(Aim of the exercise): Copy nothing past the line containing "Tartarugas brilhantes e". Transcribe every line of the listing below up to and including it, from the first, except pictures.

*** Opening Dataset content ***

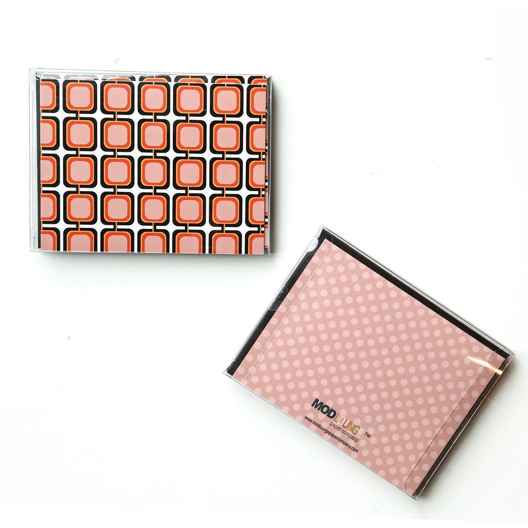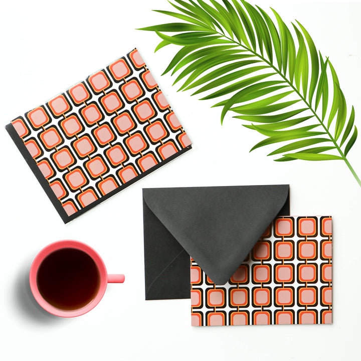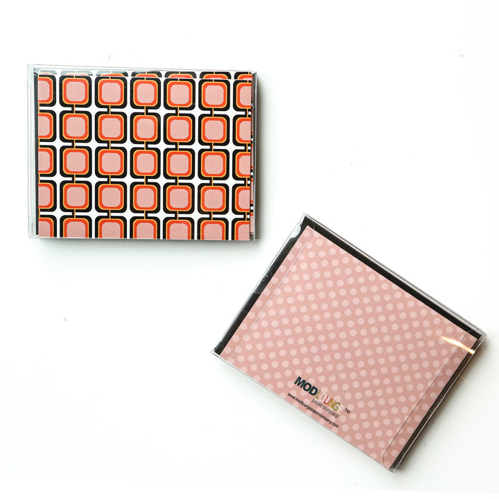 Experience nostalgia with our Pink Retro Squares Mid Century Modern Notecard! The vibrant pink retro squares on this card evoke a sense of playful energy and charm. With a blank inside, this card is perfect for any occasion. Comes with a classic brown envelope. Add a touch of retro to your correspondence now!
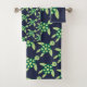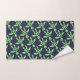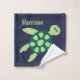 Tartarugas brilhantes e verdes ilustradas em toalhas azuis escuras, incluindo tecido facial personalizado para crianças.
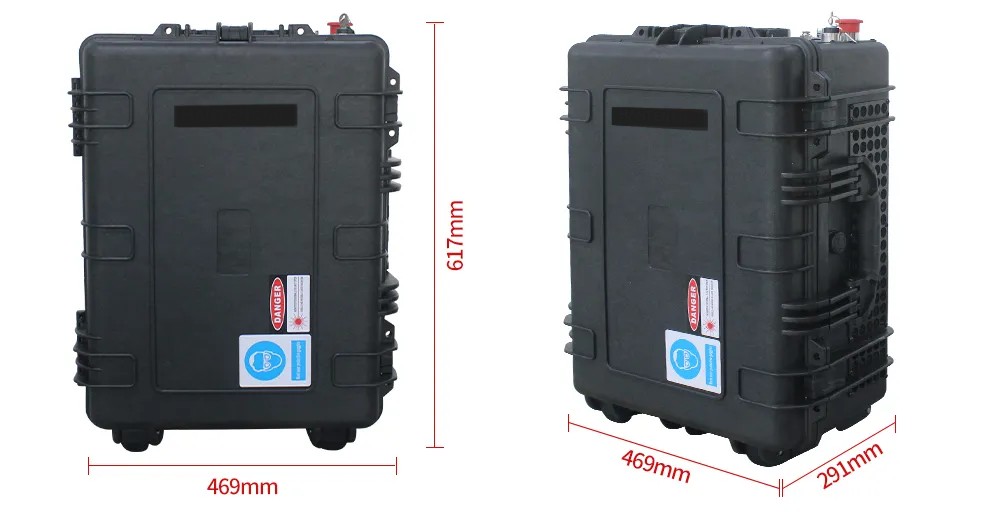Ukupna dimenzija LU pulsnog prijenosnog laserskog čistača od 200/300 W je 617 mm * 469 mm * 291 mm. Težina našeg prijenosnog laserskog čistača je oko 27 kg, a jednostavan je za nošenje i prikladan za vanjska okruženja, kao što su čišćenje zgrada, održavanje cesta, ljepota i popravak automobila itd.

*** Closing Dataset content ***

(Answer to the problem):
 Experience nostalgia with our Pink Retro Squares Mid Century Modern Notecard! The vibrant pink retro squares on this card evoke a sense of playful energy and charm. With a blank inside, this card is perfect for any occasion. Comes with a classic brown envelope. Add a touch of retro to your correspondence now!
 Tartarugas brilhantes e verdes ilustradas em toalhas azuis escuras, incluindo tecido facial personalizado para crianças.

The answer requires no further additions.